When she left he led her to the carriage.

"I regret, your Majesty," he said, "that I must not do what you asked me."

"And I regret," said the Queen, "that, having had the honour of knowing the hero of the age, whom I can never forget, the impression left on my mind must always be painful. Had you been generous, sire, I would be bound to you by an everlasting gratitude."

"Indeed, your Majesty," returned Napoleon, "I lament that so it must be; it is my evil destiny."

"And I have been cruelly deceived," were the Queen's last words, and off drove her carriage.

The two Royal Foes parted, never again to meet.

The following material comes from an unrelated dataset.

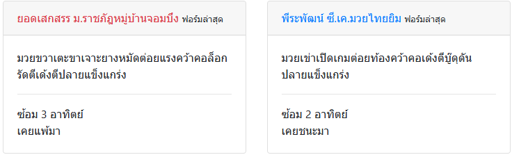 | มวย | มวยเข่า+บู๊ | มวยขวา+มวยเข่า |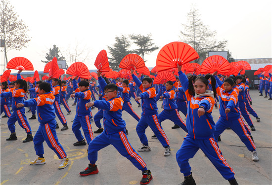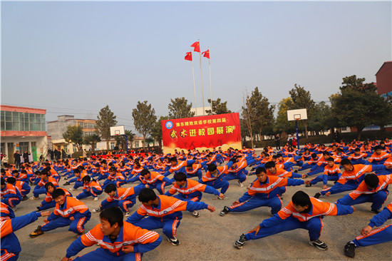 “嘿!哈!”“嘿!哈!”……12月28日,一聲聲鏗鏘有力而又充滿童稚的喊聲,在商水縣譚莊鎮(zhèn)豫東精致雙語學(xué)校上空回蕩。由該校800多名學(xué)生參加的第四屆武術(shù)進(jìn)校園展演活動正在舉行。

That day Louisa thought herself the vanquished, and before the world Napoleon wore the laurels of victory. Seventy years later the President of France wrote that it was his belief that, at Tilsit, Napoleon was conquered; that had he then been generous and bound the King and Queen of Prussia to him by a tie of gratitude his last days need not, perhaps, have been spent on the island of St. Helena, for in his troubles they would have been his ally.

When the Queen reached her room she turned to her ladies in tears.

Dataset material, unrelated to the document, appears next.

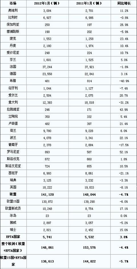 2012年1月欧洲商用车注册量(分市场)

"When I am dead," she said, "it will be as with Queen Mary of England; not Calais, but Magdeburg will be graven on my poor heart in letters of blood."

Peace was signed on the seventh, and on June 24 Napoleon, in triumph, entered Frankfort-on-Main, and three days later he arrived at his palace at Saint Cloud and immediately was off again, marching armies into Italy, Spain, Portugal, and Austria.

"Peace is made," wrote Queen Louisa to her father, "but at a dreadful price. Our boundary will only go as far as the Elbe. Yet is the King greater than his adversary. After Eylau he could have made a more advantageous peace, but then he must have followed wicked principles, and now he has acted through necessity and not forsworn himself. That must bring a blessing on Prussia. After Eylau he would not desert a faithful ally. Once more, I repeat, it is my firm belief that this conduct of the King will bring good fortune to Prussia."

Napoleon had insisted upon the dismissal of Hardenburg as Prime Minister, and in September the King called Stein to his assistance. From the Queen this great man received a letter.

"I conjure you," she wrote, for he had made some objections to remaining in office with a certain fellow minister, "have but patience in the first few months. For Heaven's sake, do not let the good cause be lost for want of three months' patience. I conjure, for the sake of the King, of the country, of my children, for my own sake, patience!

"Louisa."

As for Baron von Stein, he had at heart only the good of Prussia, and waited.

The war was ended. Prussia was in the dust; its King and Queen exiled from the capital. Crops were ruined, villages were burned, and this poor, unhappy country must pay its war debt.

"Now, God be everlastingly praised," wrote the poor Queen, "that my daughter, who would now be almost fifteen years old, came dead into the world."

"I must play my life days in this unlucky time," she said. "Perhaps God gave me my living children that one of them might bring good to mankind."

And there was one who did the great things the Queen dreamed of.

It was not the handsome Crown Prince, though he was a clever monarch; it was not Princess Charlotte, though she became Empress of Russia; it was not Alexandrina, who, a lovely old lady, died only a year or two ago as Dowager Grand Duchess of Mecklenburg; nor jolly Carl, nor Louisa, nor Albert, who came later.

It was simple, honourable, sensible little William. Every pain his mother felt sank deeply into his heart, and at last the day came when he led the Prussian army to the great battle of Sedan, where he conquered the nephew of Napoleon and created the German Empire.

But no one dreamed of this that dreary summer in Memel, and though the Queen did her best to be cheerful, all who loved her saw that the canker-worm of sorrow was drawing nearer and nearer the heart of the beautiful "Rose of the King," the flower whose stem had been so roughly handled by its enemy.